Toll & Tariff Design
A regulator sets prices; users optimise their own consumption against those prices. Classic formulation: Stackelberg toll problem on a road network.
Network Interdiction
A defender removes links from a supply or communication network; an attacker (or flow) re-routes optimally around the damage. The attacker's rerouting is the inner problem.
Algorithm Configuration
As in the E-CVRP paper in today's issue: the outer problem sets solver parameters; the inner problem is the solver running to completion on an instance with those parameters.
Supply Chain Contracting
A manufacturer sets wholesale prices; retailers maximise their own margins by choosing stocking quantities. The manufacturer must anticipate retail response to each pricing decision.
Tax & Subsidy Design
A government sets tax rates or subsidies; firms and households adjust investment and consumption decisions optimally. The government's revenue or welfare objective depends on the private-sector response.

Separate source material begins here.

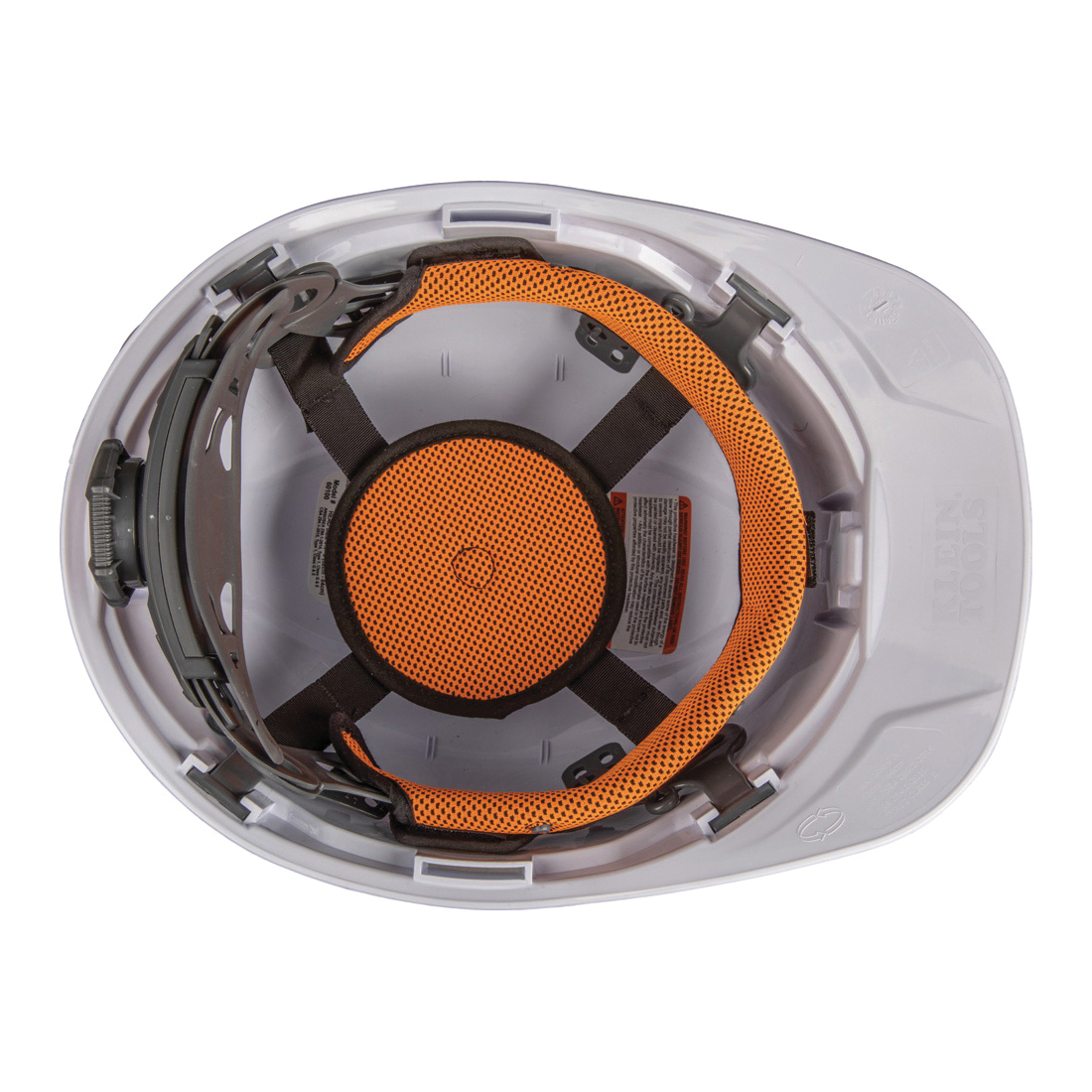 Klein® Hard Hat, Type 1 Cap Style Non-Vented, 11.5 in L x 8.8 in W x 6.5 in H, Fits Minimum Hat Size: 6-1/2 in, Fits Maximum Hat Size: 8 in, White, ABS/Polycarbonate, 4-Point Reverse Donning Suspension, ANSI Electrical Class Rating: Class E, ANSI Impact Rating: ANSI Z89.1-2014, Slotted: Front/Back/Both Side, Ratchet with Pivot Adjustment
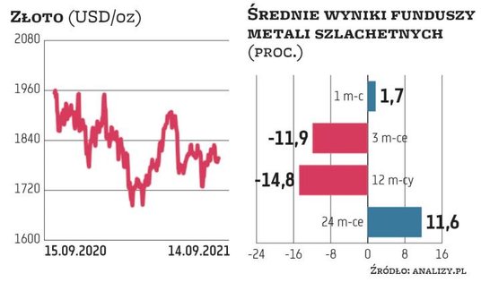 Złoto przez część uczestników rynku kojarzone jest jako sposób na ochronę przed inflacją, a zatem ten rok powinien sprzyjać inwestorom. Niestety, reguła ta nie sprawdza się, a cena kruszcu jest nawet niższa niż na przełomie lat. Straty części funduszy od początku tego roku są dwucyfrowe, a wynik PKO Akcji Rynku Złota – gwiazdy dwóch poprzednich lat – skurczył się do 2,5 proc. od początku 2020 r.

Adversarial Machine Learning
A model trainer (leader) designs a classifier; an adversary (follower) generates maximally misleading perturbations. The trainer must account for the adversary's optimal attack strategy during training.
NAMED PRINCIPLE
Bracken–McGill: when a follower optimises rationally in response to your choice, their objective function is your feasibility condition — not a parameter, not a scenario, but a nested programme.
Named for Jerome Bracken and James McGill, who gave the first formal mathematical treatment of bilevel programming in 1973, establishing that the follower's optimality condition belongs inside the leader's constraint set.